SearchFile == search local or remote stores and maybe get new repodata
if the metadata doesn't match the filelist

I say sometimes, because yum has a built in "this is fresh enough"
value, and so doesn't get the repodata from the server if the "fresh
enough" value is less than the age of the updates file. The fudge
value is sub-optimal.

Of course, this has the effect of some update checks taking a few
hundred ms, and some update checks taking a few minutes. This blows
goats from a user interface point of view, as of course when we do the
scheduled update check in the background we want to get the latest
data from the repo, and when we do it in the GUI updater program we
want to return results as quick as possible. Ideally we would want to
specify the "this is fresh enough" value to the GetUpdates method.

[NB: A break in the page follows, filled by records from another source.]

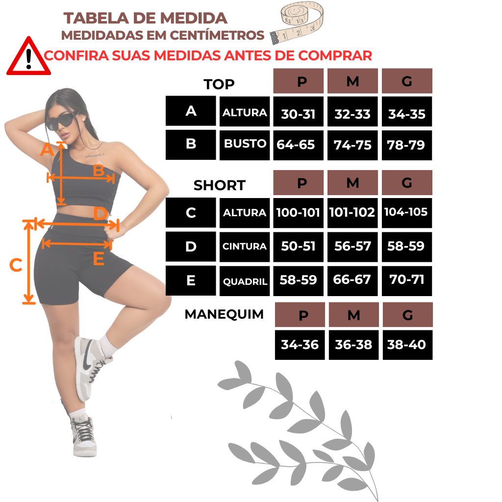 Conjunto Babi é confeccionado em tecido canelado encorpado, macio e com excelente elasticidade. O top de um ombro só traz um design moderno e estiloso, oferecendo conforto e sustentação. O short de cintura alta valoriza a silhueta e garante segurança nos movimentos.
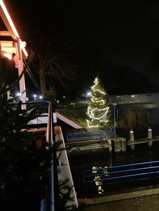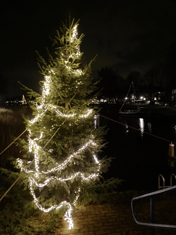De grote kerstboom schittert weer naast de brug, zichtbaar vanuit vele woningen aan de Westkade en de vanaf de Griend. En het is ook een leuk uitzicht voor alle wandelaars. Ook de 12 kerstbomen die we van Ranzijn hebben gekregen voor het feest, geven een kerstsfeer aan onze mooie omgeving.
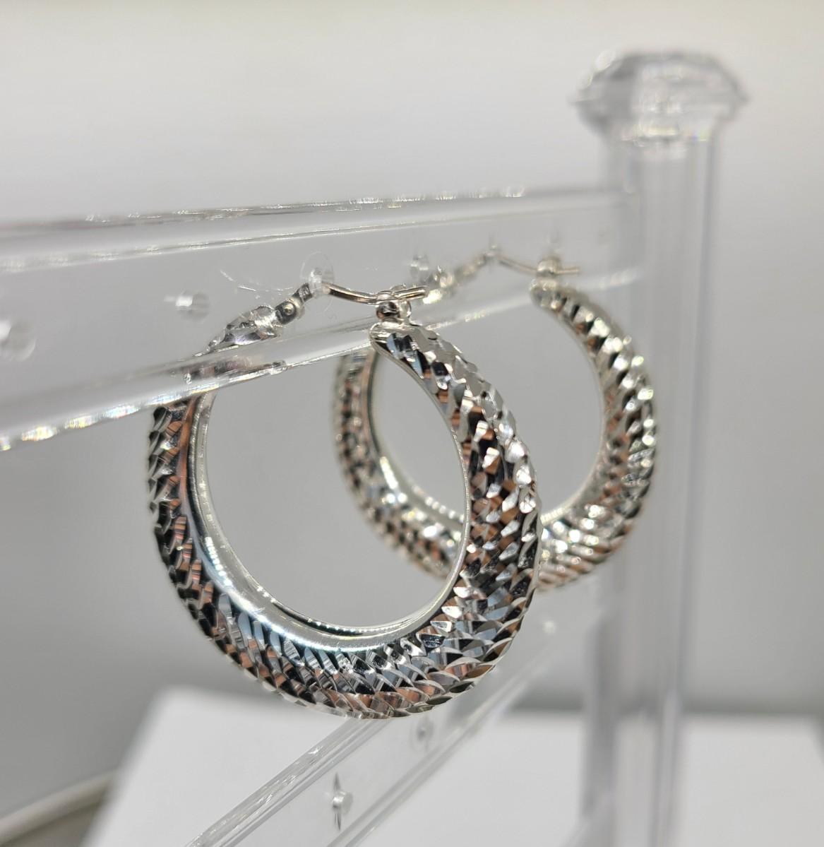 Milor Italy (950) ultrafine textured sterling silver hoop earrings. New. Perfect gift.

Now of course, other methods are affected too. yum also downloads new
primary and filelists data if the user does a command not found type
action. Of course, we can give the backend hints about whether this is
interactive or not-interactive (using SetHints) but I'm not sure if
that's enough. All the backends seem to treat cache age slightly
differently, which makes it even harder to design a GUI that's
predictable.

So, 4 ideas:

1. All transactions do not refresh data from the network, and work
from a cache, no matter how old. If the cache is not available, then
they can download data. The only time new metadata is downloaded is
when the RefreshCache method is called, and this refreshes everything.
Advantages: Allows us to get rid of the different "Check for updates:
daily" and "Refresh package lists: weekly" UI entries.
Disadvantages: All the metadata is downloaded every day, which is
significant if you're on a mobile broadband connection, or a modem.

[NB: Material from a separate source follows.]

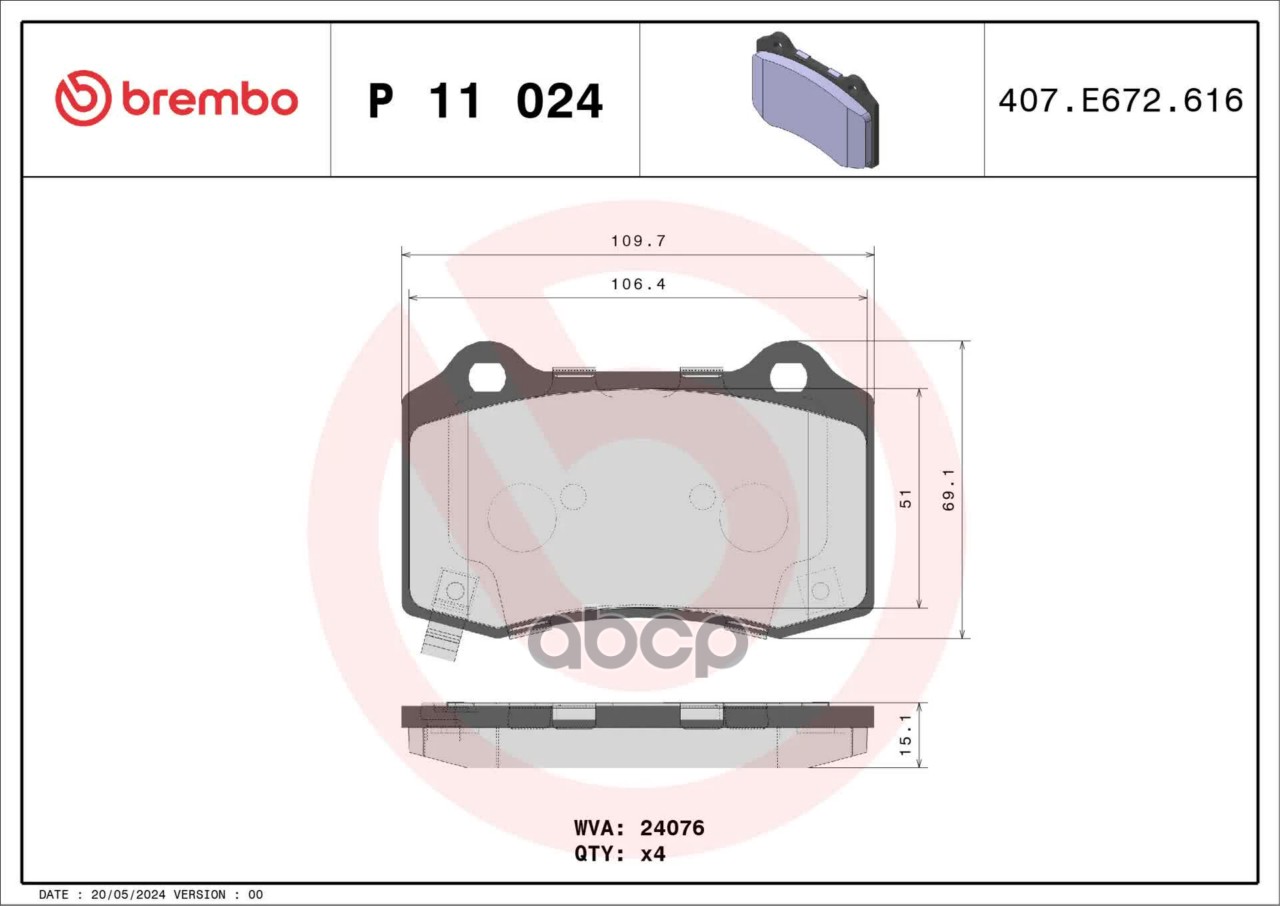 Купить запчасть P11024 Комплект тормозных колодок, дисковый тормоз с доставкой по России.

2. A new parameter to SetHints() which would be "cache-age=<time in
seconds>". This would allow the frontend to encode how fresh it wants
the data.
Advantages: Allows fine control of the age of the returned results
Disadvantages: Means the frontend probably has to query the updates
check value and pass it this value for GetUpdates, and choose
something sane otherwise. Most clients will set this to "intmax" which
will mean "never". Backends will have a complicated set of behaviour
where they have to juggle policy for cache-age, background and
interactive.

3. A new formal policy, which says "interactive=TRUE always has to
work from a cache where possible (unless specified for RefreshCache of
course)"
Advantages: allows GUI tools to get the results quickly, and
introduces no new complexity.
Disadvantages: We still have to encode a hardcoded value of cache-age
for the non-interactive case. The user has no way to get the latest
updates from the gui update viewer tool, until the next background
update is specified. This is probably okay, as the interaction
designers at Red Hat hate waiting for progress bars.

4. A combination of  "interactive=TRUE always has to work from a
cache" and adding "cache-age=<time in seconds>" for !interactive.
Advantages: Allows us to get the minimum amount of data, as we can use
the update check frequency for GetUpdates.
Disadvantages: lots of encoded policy which is getting pretty hard for
backends to understand.

At the moment I'm not sure which is my favourite, but this mail is
designed for people to tear apart my ideas, and suggest better ones.
I've got a feeling apt already works like idea 1.

Suggestions?

Richard.